As we near the 5th April, the scramble to make last minute ISA and pension contributions is a reality.
Each individual is able to contribute £20,000 (18+) or £4,368 (<18) into an ISA each tax year. Into a pension, up to £40,000 can be contributed each tax year, of which tax relief is available on up to £3,600 or your relevant earnings whichever is greater.
Once in an ISA or pension, your investments can grow free from income tax and capital gains tax.
But why wait?
With 365 days in a tax year in order to make the ISA subscription or pension contribution, it seems absurd to wait until the very last minute.
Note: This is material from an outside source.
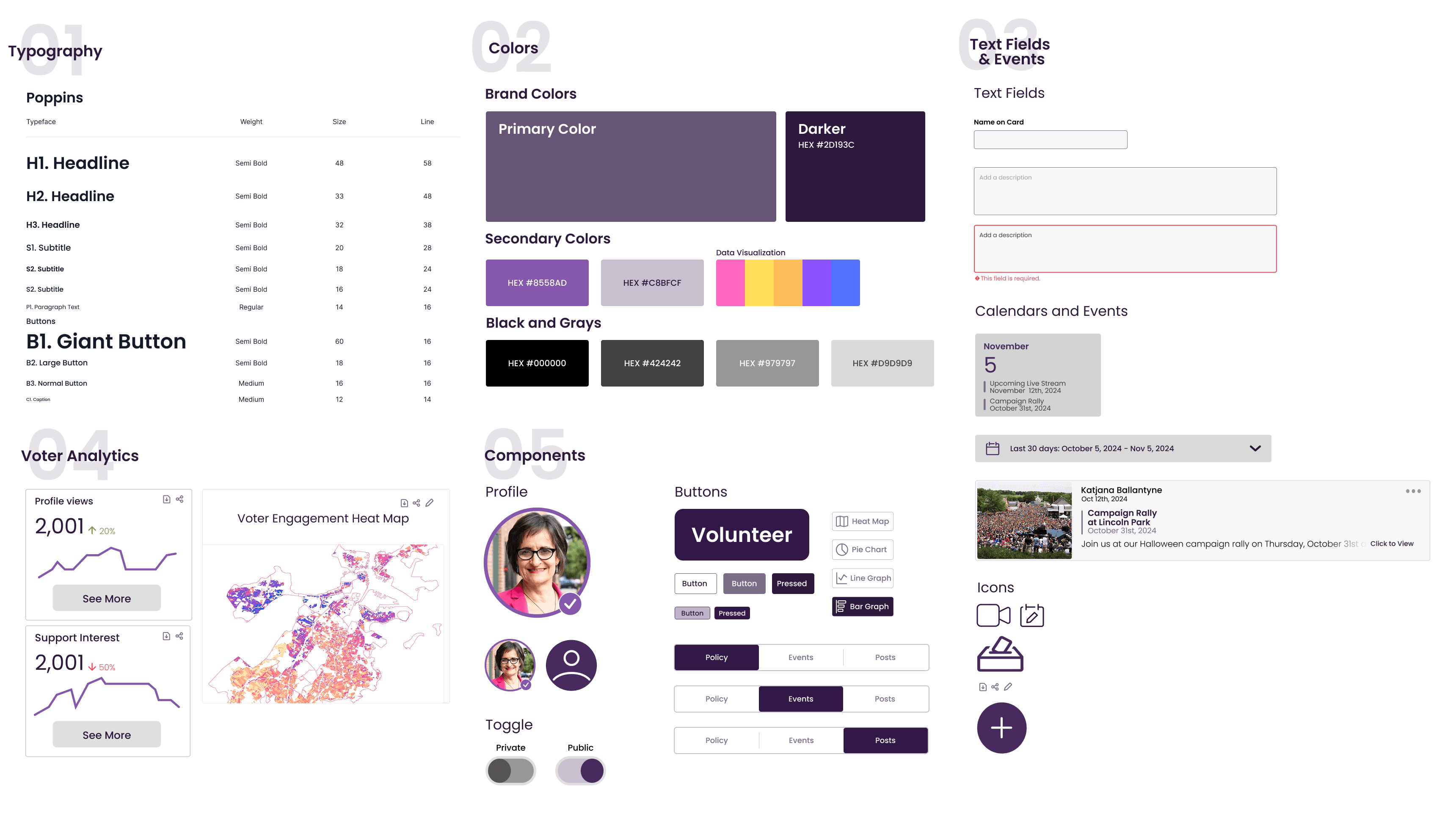 Based on the moodboard and our aim to make Equiballot's image more professional yet still approachable, I helped complete a design system for Equiballot.

Take an ISA contribution of £20,000, for example. Our bdb 60% equity portfolio has returned on average 7.41% per annum (01/02/2005 – 31/12/2019) and so you could expect a return of £1,482 if you had made the ISA contribution on the first day of the tax year rather than the last. This return would be compounded each year. If you assume the above return, by making the contribution a year earlier, you would be c£3,000 better off after 10 years.
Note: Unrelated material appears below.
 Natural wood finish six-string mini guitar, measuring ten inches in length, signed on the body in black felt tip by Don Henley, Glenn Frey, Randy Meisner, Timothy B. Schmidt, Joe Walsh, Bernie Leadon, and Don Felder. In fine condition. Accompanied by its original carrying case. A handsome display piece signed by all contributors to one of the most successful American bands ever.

Here at bdb, our tax-year end planning begins on the 6th of April each year. We don’t wait until the last minute to ask our clients if they would like to make use of their annual allowances.
Whilst you are not guaranteed a return of 7.41% each year (the bdb 60% equity portfolio returned 7.38% for 18/19, 1.89% for 17/18 and 18.88% for 16/17), at bdb we believe that it is not timing the market that matters but time in the market.